# Roto-zip as plunge-router??



## Toolfreak (Apr 12, 2005)

I have the Sears-Craftsman version of a Roto-zip tool (like the kind dry-wallers use to cut out around electrical boxes). It came with a plunge router base that you simply slide the Roto-zip into and use like a router. Interestingly, the base also tilts for cutting on a bevel.

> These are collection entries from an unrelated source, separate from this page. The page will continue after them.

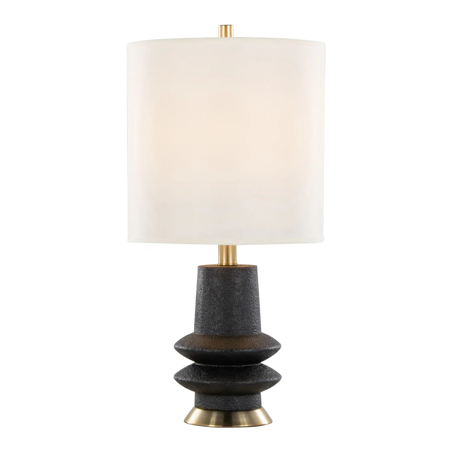The Lloyd table lamp set (2) is made for design-minded homeowners who want a modern, sculptural accent on a bedside table, console, or living room end table. Each lamp pairs a textured, sanded matte polyresin base with warm modern-brass details and a soft linen drum shade to deliver layered, everyday lighting that reads contemporary without feeling cold.
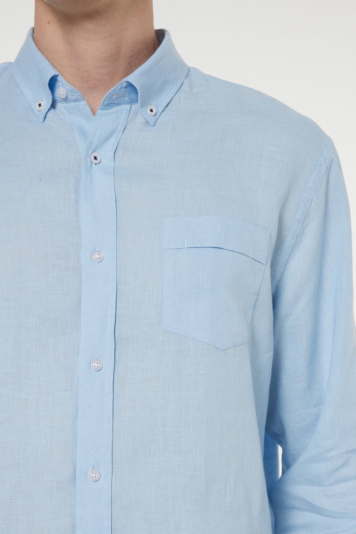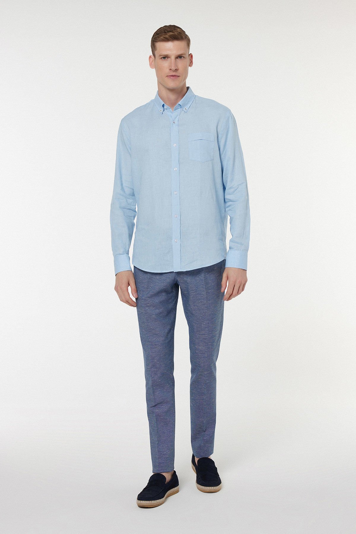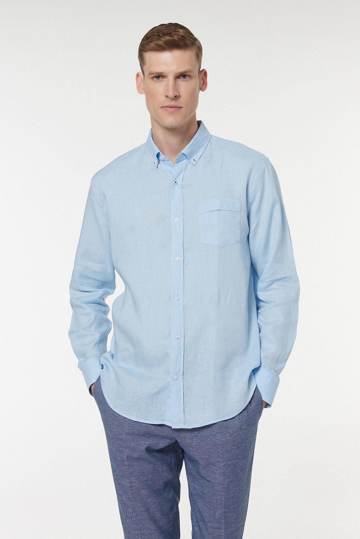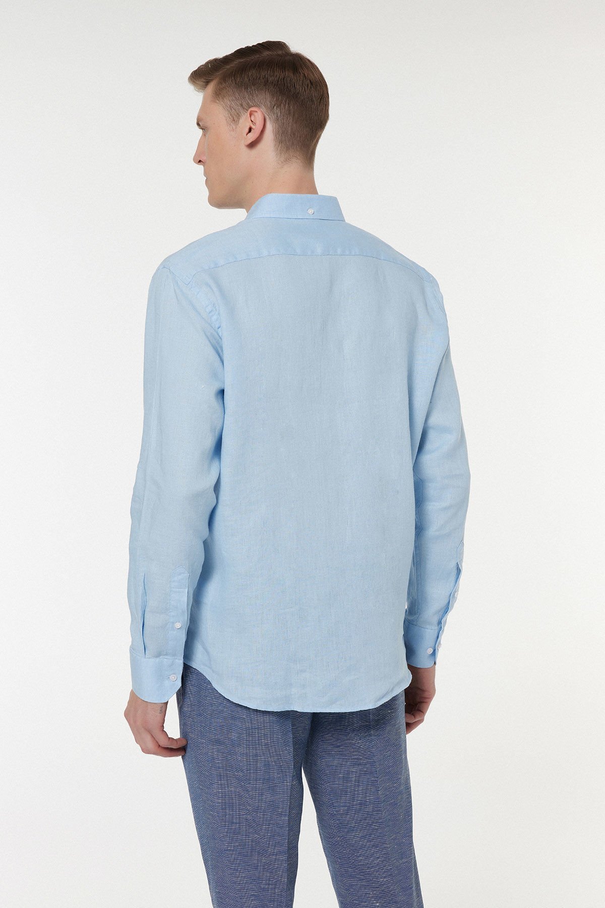 Yaz ve bahar aylarının vazgeçilmezi olan bu Gök Mavi keten gömlek, üstün konforu ve zamansız şıklığı bir arada sunar. %100 saf keten liflerinden dokunan kumaş, yüksek nefes alabilirlik özelliği sayesinde sıcak havalarda cildinizin serin kalmasına yardımcı olurken, kendine has doğal ve tok dokusu ile lüks bir his yaratır. Klasik düğmeli yaka detayı, gömleğin hem rahat hem de Smart-Casual kombinler için ideal bir yatırım parçası olmasını sağlar. Gardırobunuzda her zaman ferah ve asil bir duruş sergileyecek temel bir parçadır.
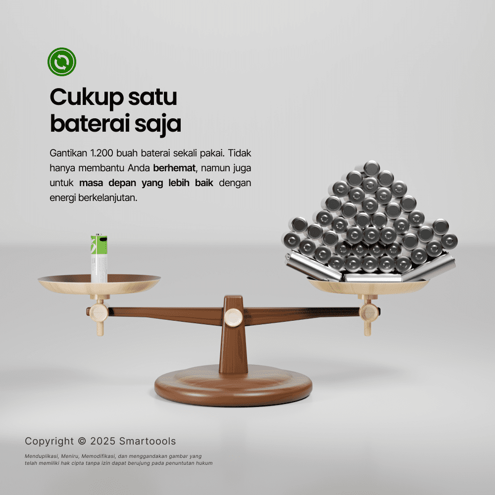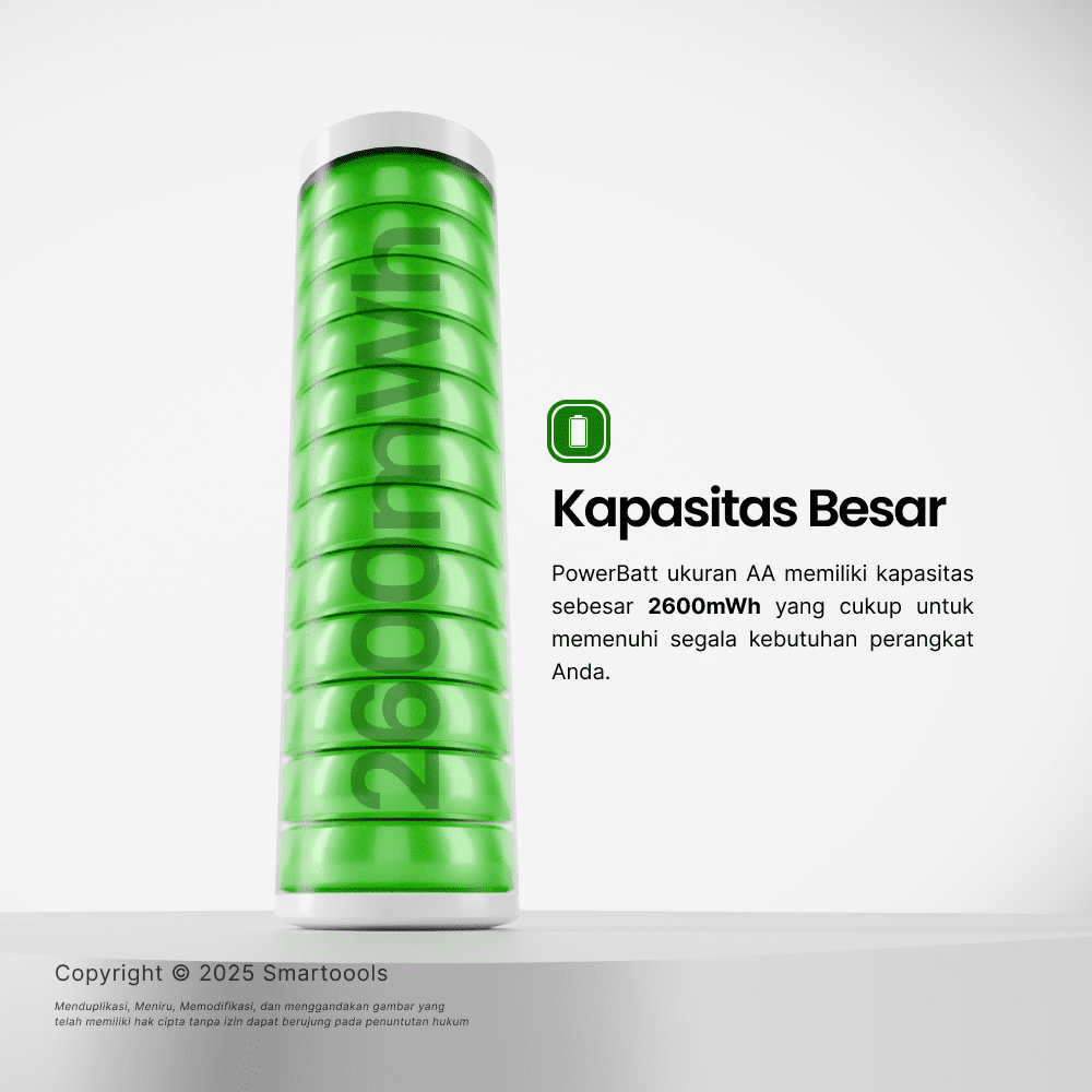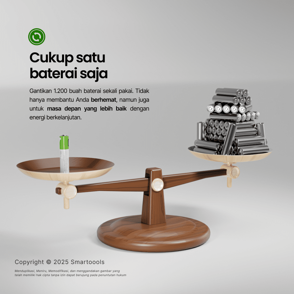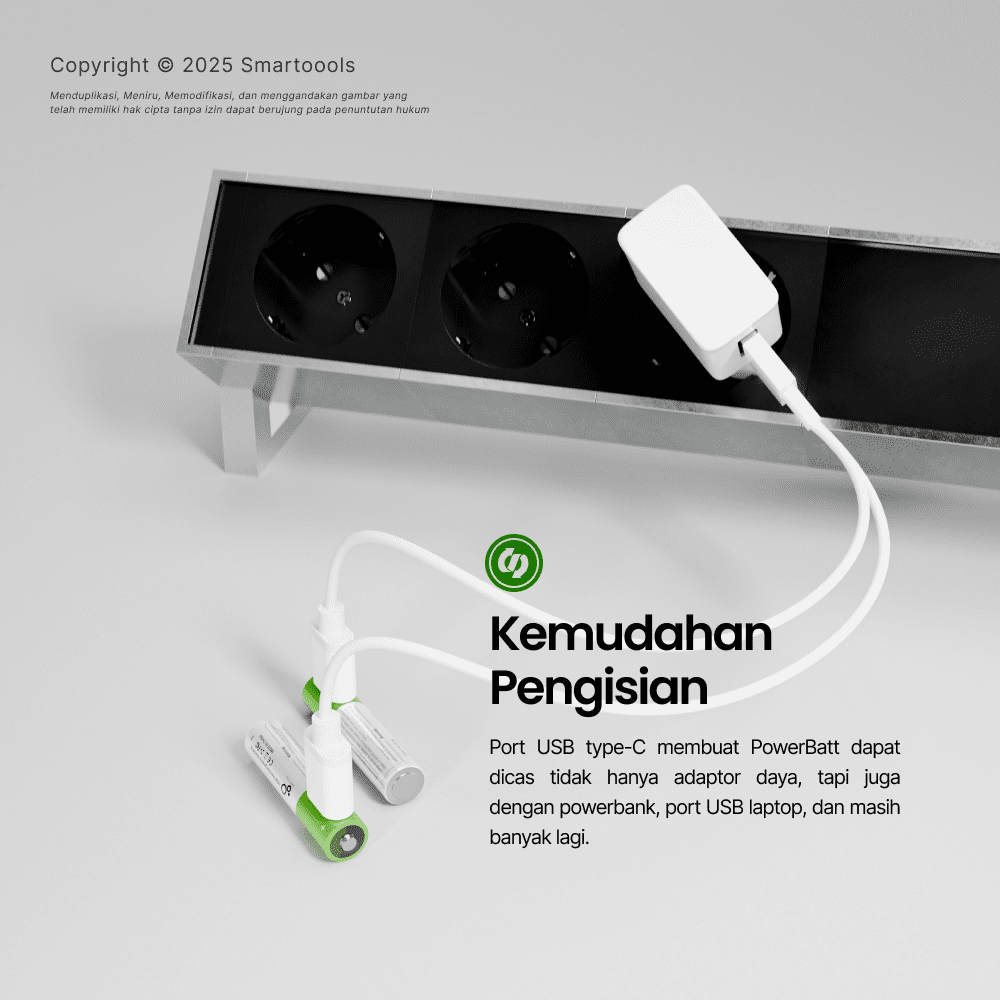 PowerBatt by Smartoools adalah solusi baterai isi ulang dengan daya tahan hingga 1200 kali pemakaian! Dibandingkan baterai sekali pakai yang hanya bertahan 1 kali, PowerBatt bisa digunakan 1200 kali lebih lama, membuatnya jauh lebih hemat, efisien dan ramah lingkungan!
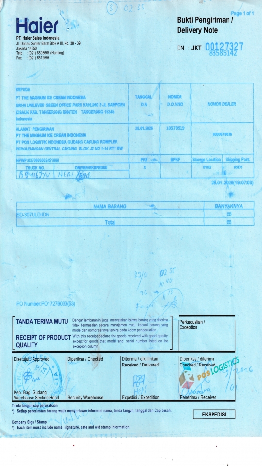 PT THE MAGNUM ICE CREAM INDONESIA PT POS LOGISTIK INDONESIA GUDANG CAKUNG KOMPLEK PERGUDANGAN CENTRAL CAKUNG BLOK J2 NO 1-14 RT1 RW 10 ROROTAN, KEC CILINCING JAKARTA UTARA 14140 ID |
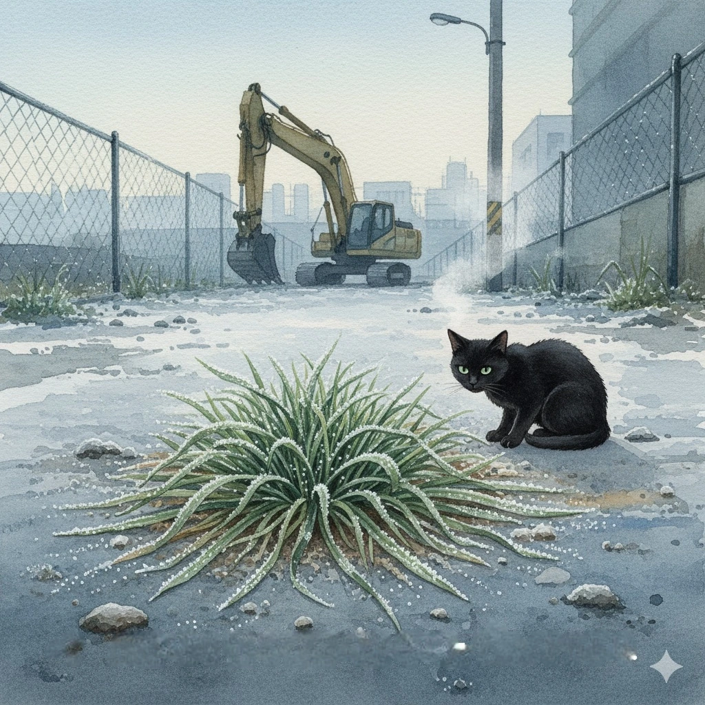 공사장 철판이 수축하며 짧게 ‘딩’ 하고 울린다. 찬 공기가 살짝 흔들리는 사이, 깜별이는 하얀 입김을 한 번 내뿜고 뚝새풀 가장자리에 발을 올린다. 고양이는 점프를 아끼고, 체온을 아낀다. 몸을 낮추고, 그늘과 볕의 폭을 잰다. 움직임을 줄이고 지속을 늘리는 전략. 깜별이의 오늘은 ‘덜 하되, 오래 하기’ 쪽에 가깝다. 겨울을 통과하는 동물의 계산법.
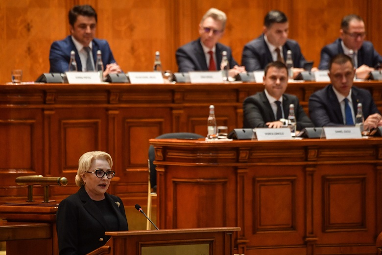 Romanian Prime Minister Viorica Dancila delivers her speech during a Parliament session called to debate and vote a non-confidence motion on the Romanian Government at the Parliament Palace in Bucharest on Oct 10, 2019.
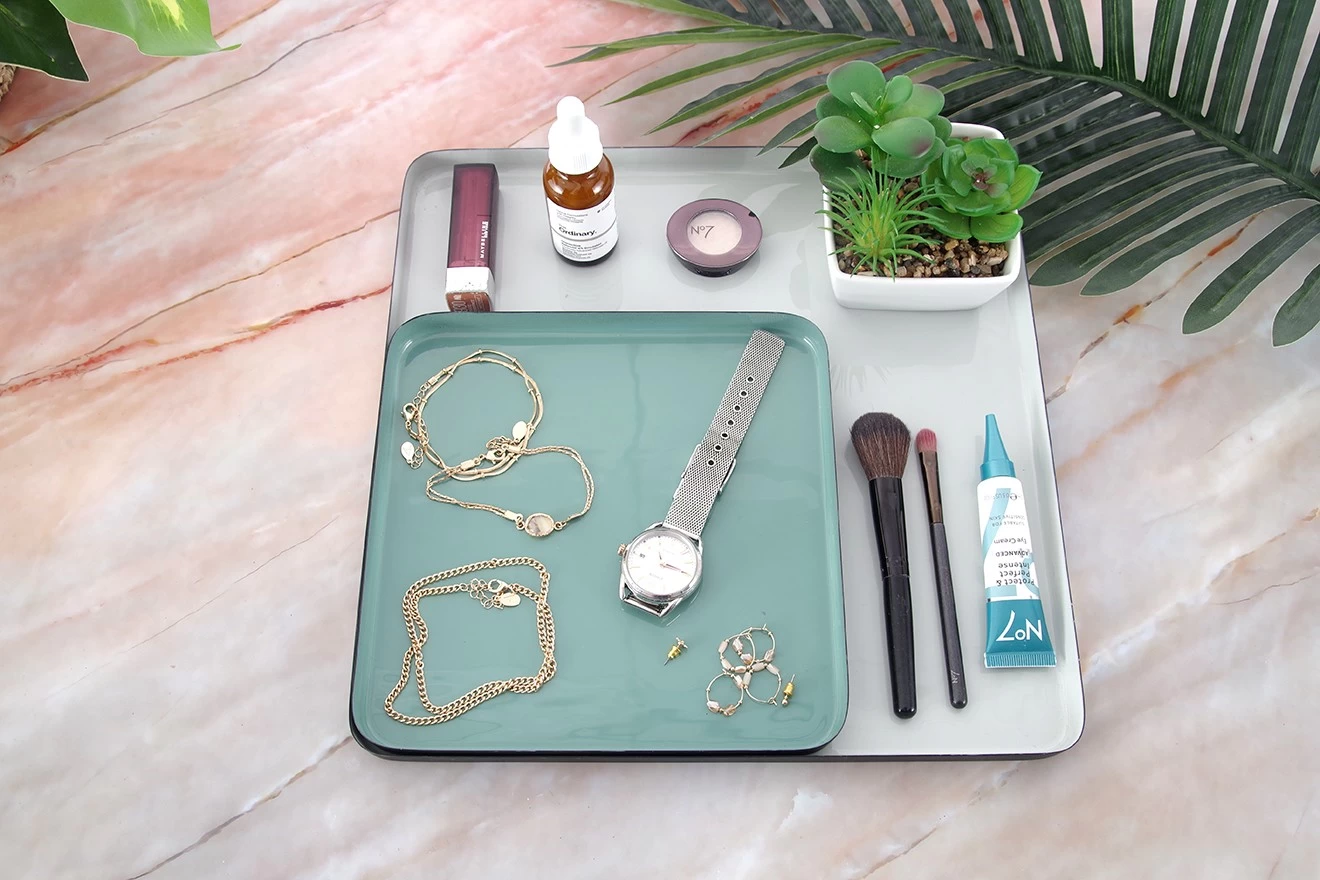 If you’re seeking an interior it-bit that culls the clutter and serves up in style, our Square Enamel Tray does just the job.
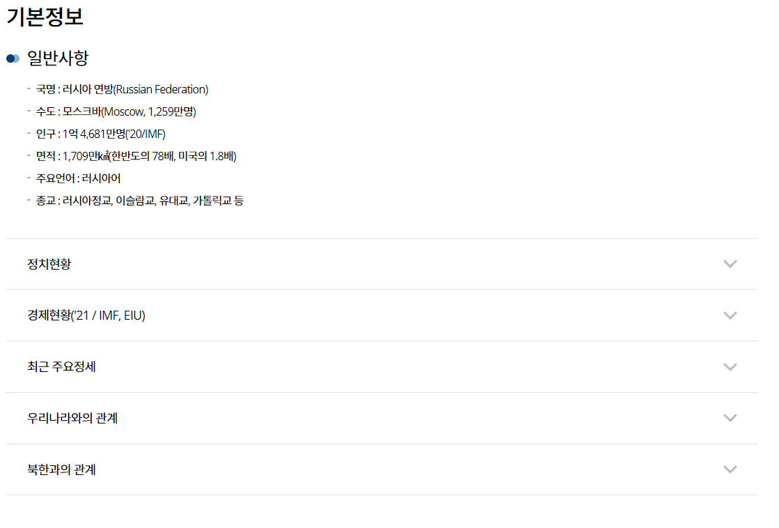 예시는 러시아지만 개발도상국들의 자료를 구할 수 있기 때문에 ODA 사업 진행하실 때 수원국 현황을 작성하신다면 유용하게 쓰실 수 있을 것입니다.

The base is a little cheap-looking, but the idea of using the Roto-zip as a router is an interesting one. Anybody ever use one of these for routing? If so, what did you use it for? 

- Toolfreak


----------



## JamesEMc (Nov 4, 2004)

I'd use every caution and wouldn't try any real hard wood or deep cuts - and remember what Norm says - RTB

Let us know how it works for you.


----------



## reible (Sep 10, 2004)

Toolfreak said:


> I have the Sears-Craftsman version of a Roto-zip tool (like the kind dry-wallers use to cut out around electrical boxes). It came with a plunge router base that you simply slide the Roto-zip into and use like a router. Interestingly, the base also tilts for cutting on a bevel.
> 
> The base is a little cheap-looking, but the idea of using the Roto-zip as a router is an interesting one. Anybody ever use one of these for routing? If so, what did you use it for?
> 
> - Toolfreak


 I have a Roto-zip, actual 2 of them. I got the first when they were running all the TV ads some years ago.... it was under powered for wood but did do nice with the drywall I was working with. It also got hot when you used it a lot. Some years later they increased the power by about 4X had the 1/4" collet and a side handle so I got another one. I don't recall the amps but I think it is near 5 which is getting in the range of a router. I got the plunge base, circle guide and an attachment that hooks up to a vacuum too.

I have used the plunge base to do some free hand lettering and thru-the-wood lettering. I've played with as a small router with some small trim pieces and was not all that happy with it. The trouble is that it is to light weight.... they make them light because of the drywall work in the horz. direction but when routing I like a bit more heft. 

See:
www.routerforums.com/showthread.php?t=444
for a bit more information.

Now I don't have the sears one you have so I can not speak for it, maybe you would find it more useful as a router or maybe it is more of a router?? I would say give it a try and let us know what you think.....

Ed


----------